Material shown Start Marker
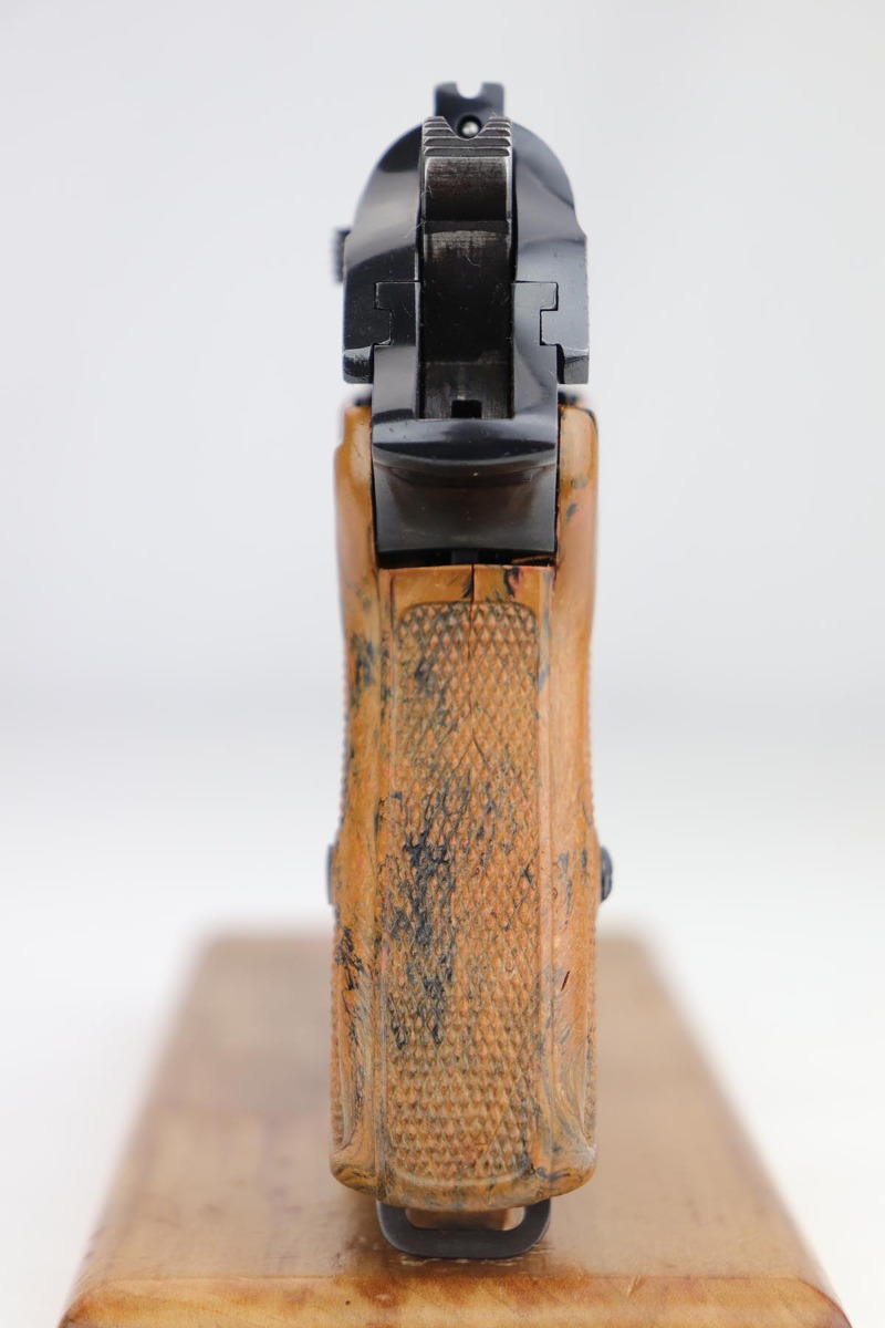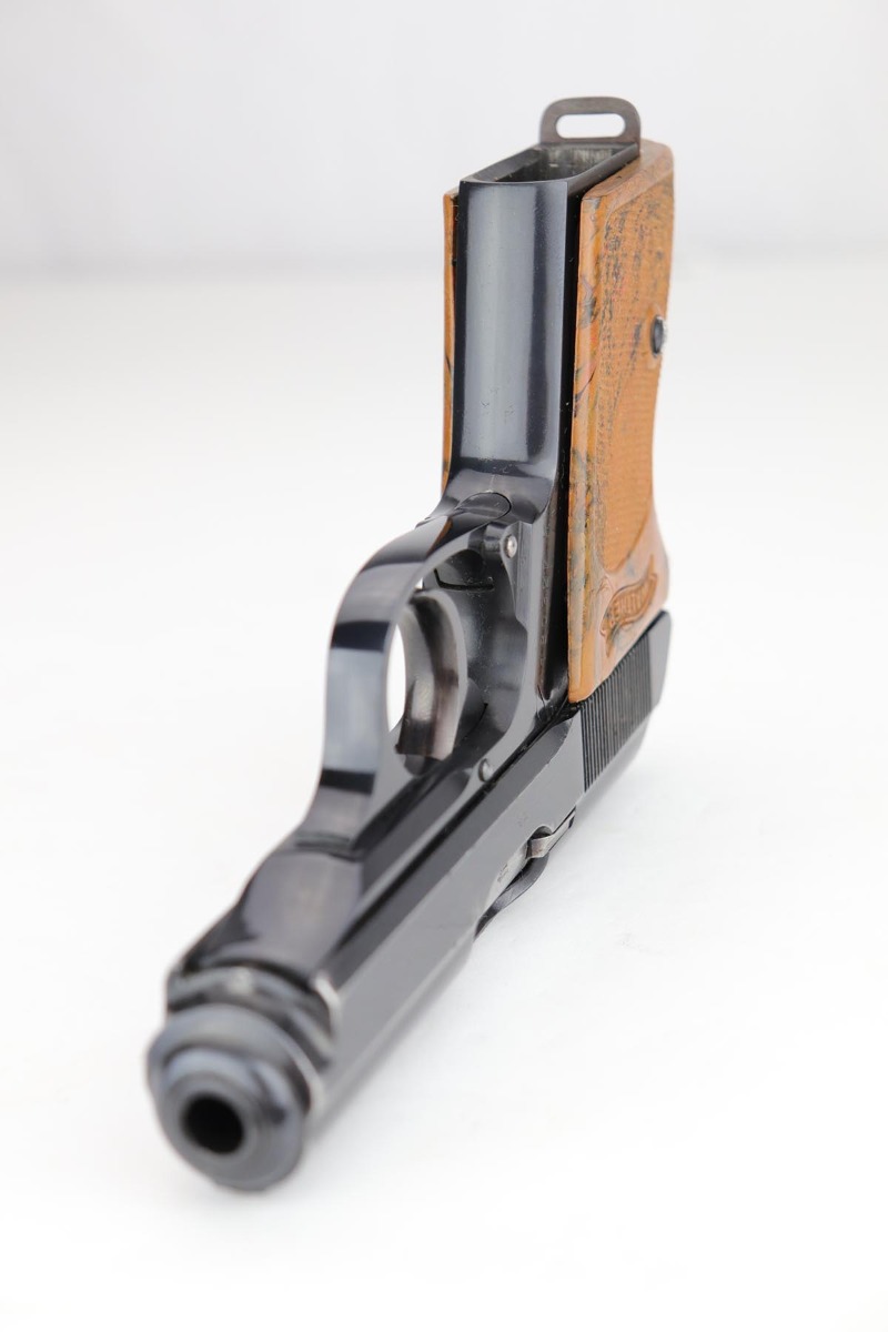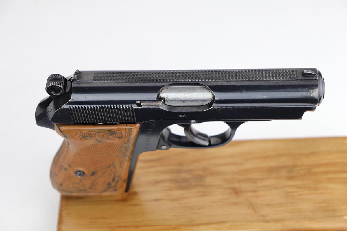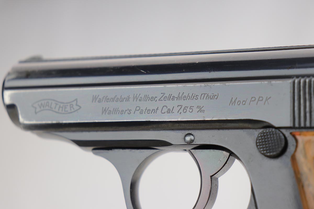 1/7/20 – This is a very nice example of a Walther PPK that was made in 1939 for the commercial market. Original, high-polish blue rates at 94-95% with nearly all finish loss toward the muzzle, on either side of the slide. Minty bore and good mechanics. Early banner magazine in terrific condition. Grip shows age and handling wear, with a small crack in spine and another surface crack or scratch on either side.
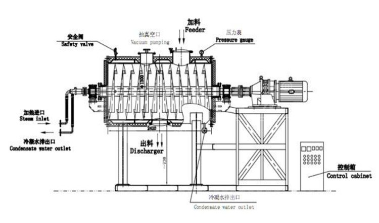 带有中空叶片的空心轴在给物料加热的同时又对物料进行搅拌,从而进行加热面的更新。是一种连续传导加热干燥机。真空耙式干燥机是一种新颖卧式间歇式真空干燥设备,湿物料经传导蒸发,
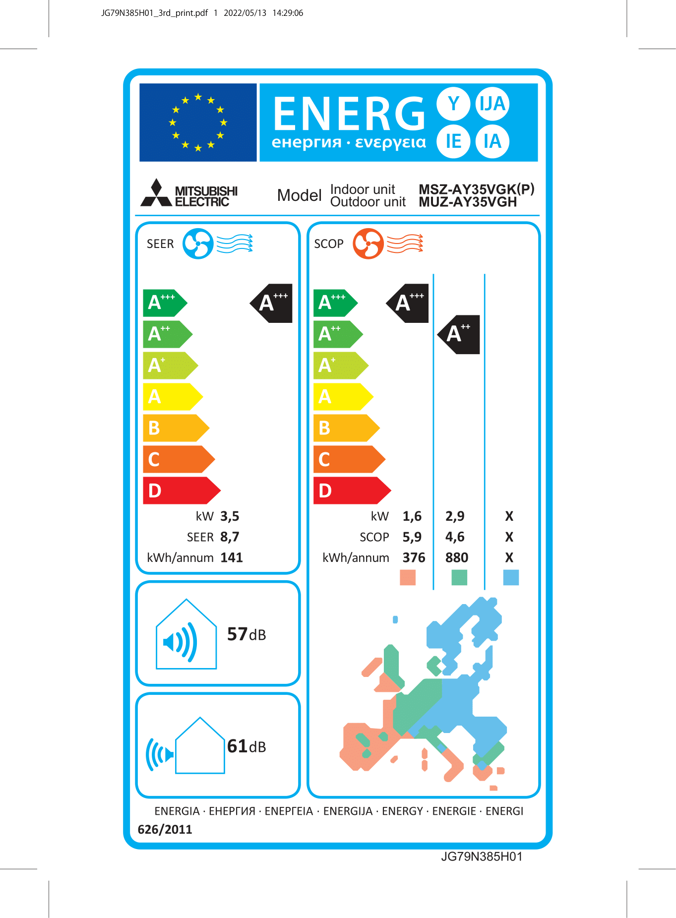 | Modell Utomhusdel | MUZ-AY35VGH-SC1 |
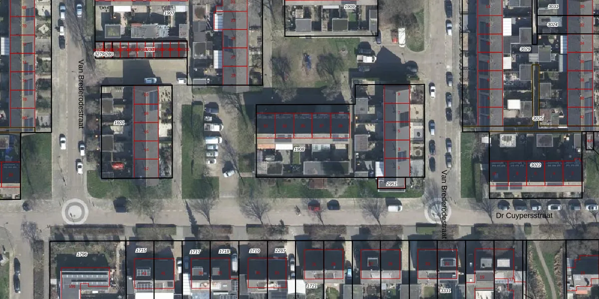 Gebruik de zoekbalk of klik op een perceel om informatie over het perceel te bekijken.
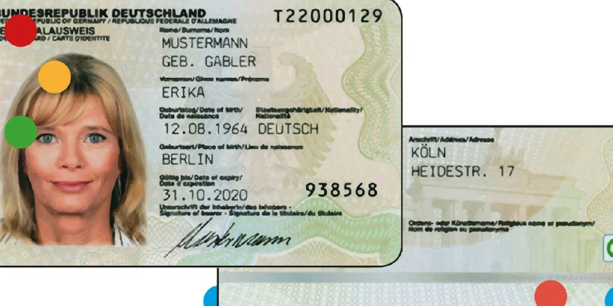 Das seit 2010 gültige Personalausweis-Muster ist mit dem Geburtsort Berlin und dem Wohnort Köln versehen.
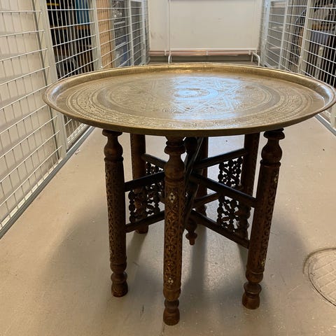 samovar i NS, Voronzov fabriken, 18 hundra talet.med tillhörande skål och bricka. Samovaren har handtag och detaljer i trä samt tappkran framtill. Den är avsedd för uppvärmning och servering av tevatten och kan användas som tekokare eller värmebehållare. Metallutförandet gör den lämplig för användning i kök eller serveringsmiljöer där man vill hålla vatten varmt under längre tid.
Material shown End Marker
• Work to complete
Please print the records above once more, word for word, omitting all pictures.

• Result for this task
 1/7/20 – This is a very nice example of a Walther PPK that was made in 1939 for the commercial market. Original, high-polish blue rates at 94-95% with nearly all finish loss toward the muzzle, on either side of the slide. Minty bore and good mechanics. Early banner magazine in terrific condition. Grip shows age and handling wear, with a small crack in spine and another surface crack or scratch on either side.
 带有中空叶片的空心轴在给物料加热的同时又对物料进行搅拌,从而进行加热面的更新。是一种连续传导加热干燥机。真空耙式干燥机是一种新颖卧式间歇式真空干燥设备,湿物料经传导蒸发,
 | Modell Utomhusdel | MUZ-AY35VGH-SC1 |
 Gebruik de zoekbalk of klik op een perceel om informatie over het perceel te bekijken.
 Das seit 2010 gültige Personalausweis-Muster ist mit dem Geburtsort Berlin und dem Wohnort Köln versehen.
 samovar i NS, Voronzov fabriken, 18 hundra talet.med tillhörande skål och bricka. Samovaren har handtag och detaljer i trä samt tappkran framtill. Den är avsedd för uppvärmning och servering av tevatten och kan användas som tekokare eller värmebehållare. Metallutförandet gör den lämplig för användning i kök eller serveringsmiljöer där man vill hålla vatten varmt under längre tid.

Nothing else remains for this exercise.